* **What is expected**: The range to repeat runs from the line with "SKU G3204302Categories Material" to the last line below, both ends included; give it exactly and without pictures.

* **Supplied data**:
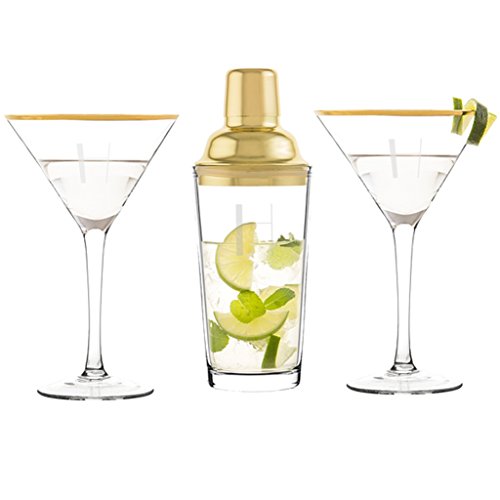 -. Binding : Kitchen -. Brand : Cathy's Concepts -. Color : Clear/Gold -. EAN : 0694546598086 -. Feature : One (1) 20 oz. Gold Cocktail Shaker and two (2) 10 oz. Gold rim martini glasses. / Shaker: 8.75" H. with a 3.3" diameter; holds up to 20 oz. / Martini glasses: 4.75" diameter (at top of bowl, tapers to a 1.5" diameter) x 7.25" H. Holds up to 10 oz. / Gold-plated. Rubber. Glass. Please note: minor bubbles and swirls are inherent to hand-blown glass. / Hand-wash only. -. Label : Cathy's Concepts -. Manufacturer : Cathy's Concepts -. Model : S2313G -. NumberOfItems : 3 -. PackageQuantity : 1 -. ProductGroup : Kitchen -. ProductTypeName : KITCHEN -. Publisher : Cathy's Concepts -. Size : 10oz + 2- 20oz -. Studio : Cathy's Concepts -. Title : Cathy's Concepts Gold Cocktail Shaker And Martini Glasses -. UPC : 694546598086
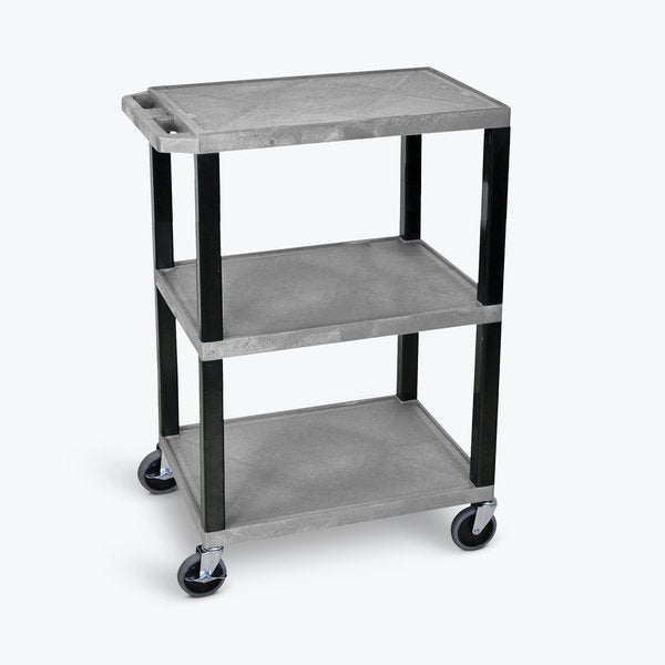 SKU G3204302Categories Material HandlingDescription Utility Cart with Deep Lipped Plastic Shelves, Number of Shelves 3, Lip Style 4-Sided Lipped, Load Capacity 400 lb, Shelf Length 39 1/2 in, Shelf Width 27 in, Top Shelf Height 33 1/4 in, Distance Between Shelves 11 in, Distance Between Top and Middle Shelf 11 in, Distance Between Middle and Bottom Shelf 11 in, Handle Type Raised, Handle Height 35 1/2 in, Caster Brake Type No Brake Included, Caster Wheel/Tread Material Thermoplastic Rubber, Caster Wheel Dia. 4 ingraingerSKU: 2XJR8, mscSKU: , zoro_no: G3204302, mongo_id: 65bbe95522d7a989a994cc7f
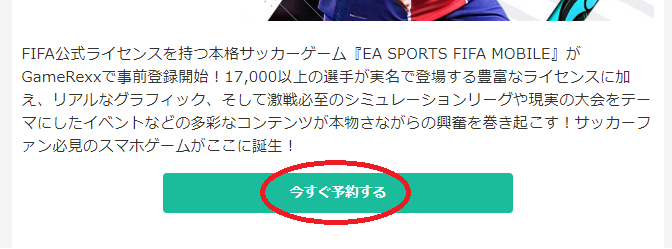 「ポイントを貯める」をタップすると、「EA SPORTS FIFA MOBILE」の事前登録ページに移動するので移動したページの「今すぐ予約する」をクリック(タップ)しましょう。

* **Problem solution**:
 SKU G3204302Categories Material HandlingDescription Utility Cart with Deep Lipped Plastic Shelves, Number of Shelves 3, Lip Style 4-Sided Lipped, Load Capacity 400 lb, Shelf Length 39 1/2 in, Shelf Width 27 in, Top Shelf Height 33 1/4 in, Distance Between Shelves 11 in, Distance Between Top and Middle Shelf 11 in, Distance Between Middle and Bottom Shelf 11 in, Handle Type Raised, Handle Height 35 1/2 in, Caster Brake Type No Brake Included, Caster Wheel/Tread Material Thermoplastic Rubber, Caster Wheel Dia. 4 ingraingerSKU: 2XJR8, mscSKU: , zoro_no: G3204302, mongo_id: 65bbe95522d7a989a994cc7f
 「ポイントを貯める」をタップすると、「EA SPORTS FIFA MOBILE」の事前登録ページに移動するので移動したページの「今すぐ予約する」をクリック(タップ)しましょう。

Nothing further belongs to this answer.